** Opening Given data block **

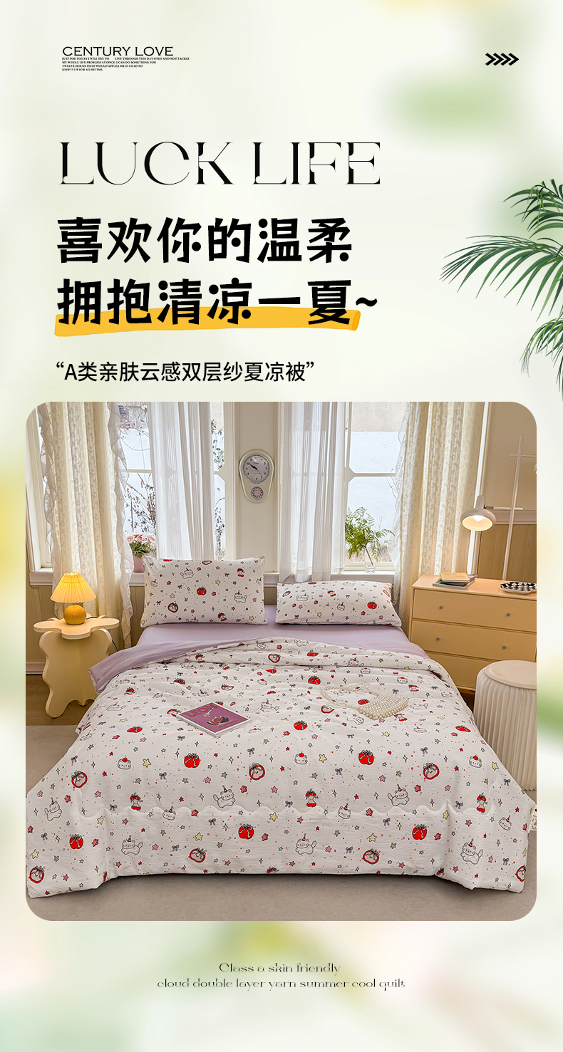 艺菲阁家纺 2026新款云感双层纱夏被夏凉被空调被 苹果小怪
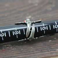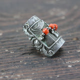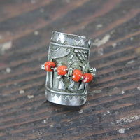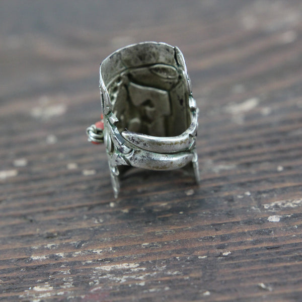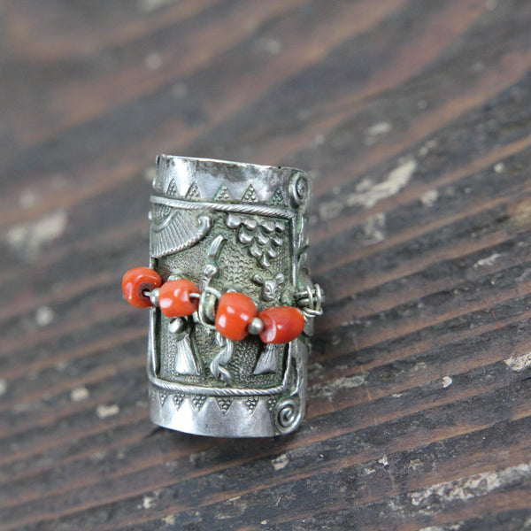 Here is a lovely sterling silver ring of likely Native American origin. The ring is approximately size 7, but can be adjusted to be slightly larger or slightly smaller. It features an intricate design that appears to be a scene with animals. It also features four small coral beads attached with wire to the front of the ring. One of the wires holding these beads is shorter than the other, and may be less secure, but is holding just fine. The ring is in good condition.
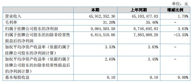 報(bào)告期內(nèi),公司實(shí)現(xiàn)營業(yè)收入4,591.24萬元,營業(yè)成本3158.87萬元;利潤總額和凈利潤分別為1,040.75萬元和906.45萬元,利潤總額比去年同期減少28.47萬元,同比負(fù)增長2.66%。凈利潤比去年同期增加31.78萬元,同比增長3.63%。截至2018年06月30日,公司總資產(chǎn)為34,676.84萬元,凈資產(chǎn)為26,234.92萬元。?
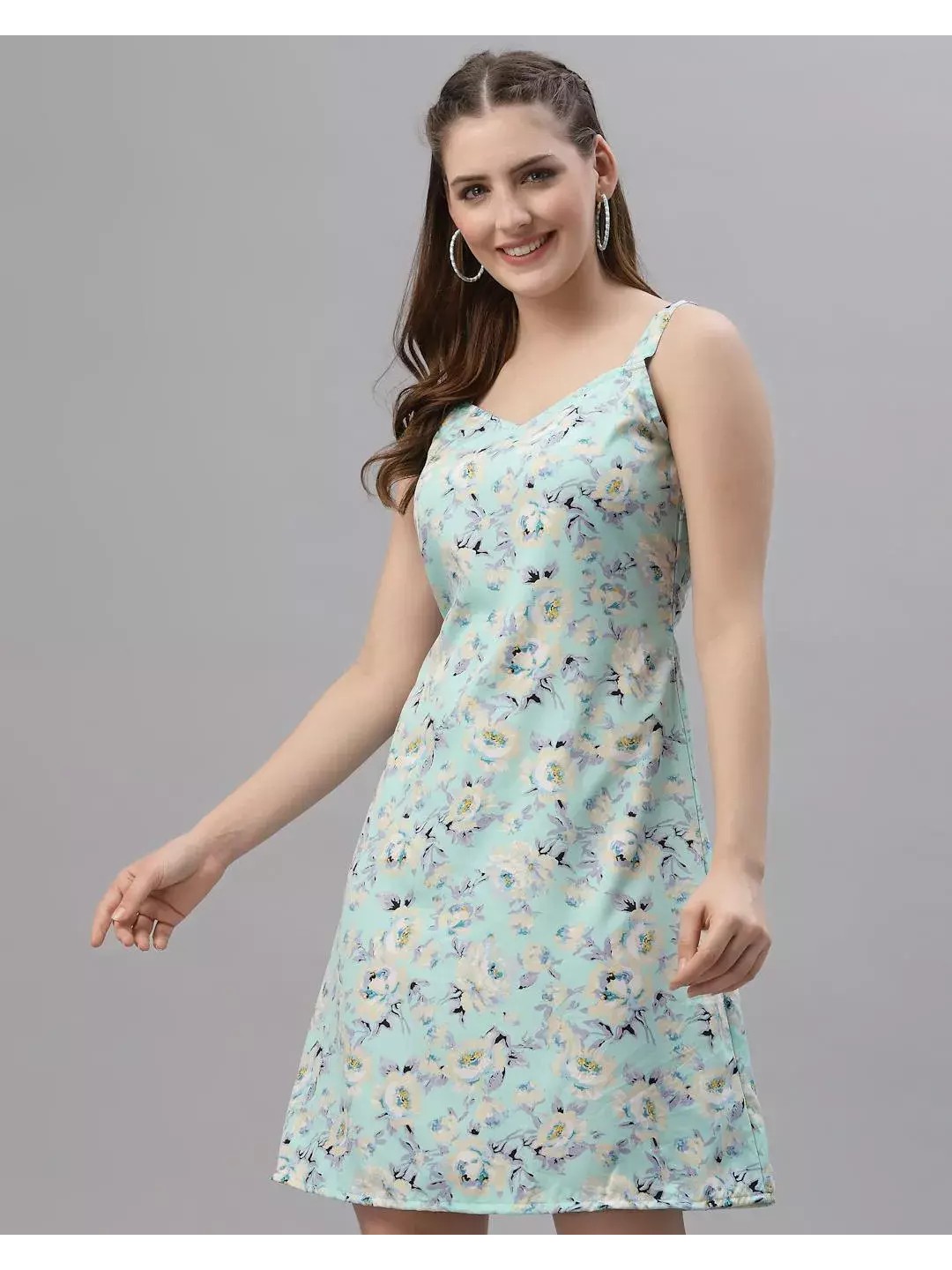 This soothing and gorgeous A-line mini dress comes with delicate floral prints, a v-neck and shoulder straps that give away an elegant and chic style. Pair this perfect-length mini dress with simple accessories and high heels for a cute brunch date.
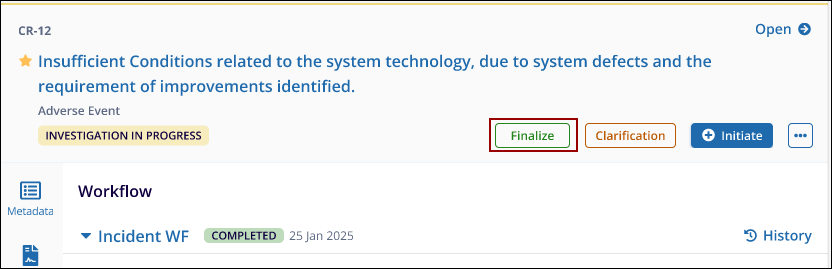 Incidents can be canceled at any stage, depending on the configuration of the workflow. Once an authority cancels a CAPA, the record is removed from the workflow.

** Closing Given data block **

Work instructions
The answer is the lines above, word for word, from the first one through the one containing "Here is a lovely"; it includes no pictures.

Answer section
 艺菲阁家纺 2026新款云感双层纱夏被夏凉被空调被 苹果小怪
 Here is a lovely sterling silver ring of likely Native American origin. The ring is approximately size 7, but can be adjusted to be slightly larger or slightly smaller. It features an intricate design that appears to be a scene with animals. It also features four small coral beads attached with wire to the front of the ring. One of the wires holding these beads is shorter than the other, and may be less secure, but is holding just fine. The ring is in good condition.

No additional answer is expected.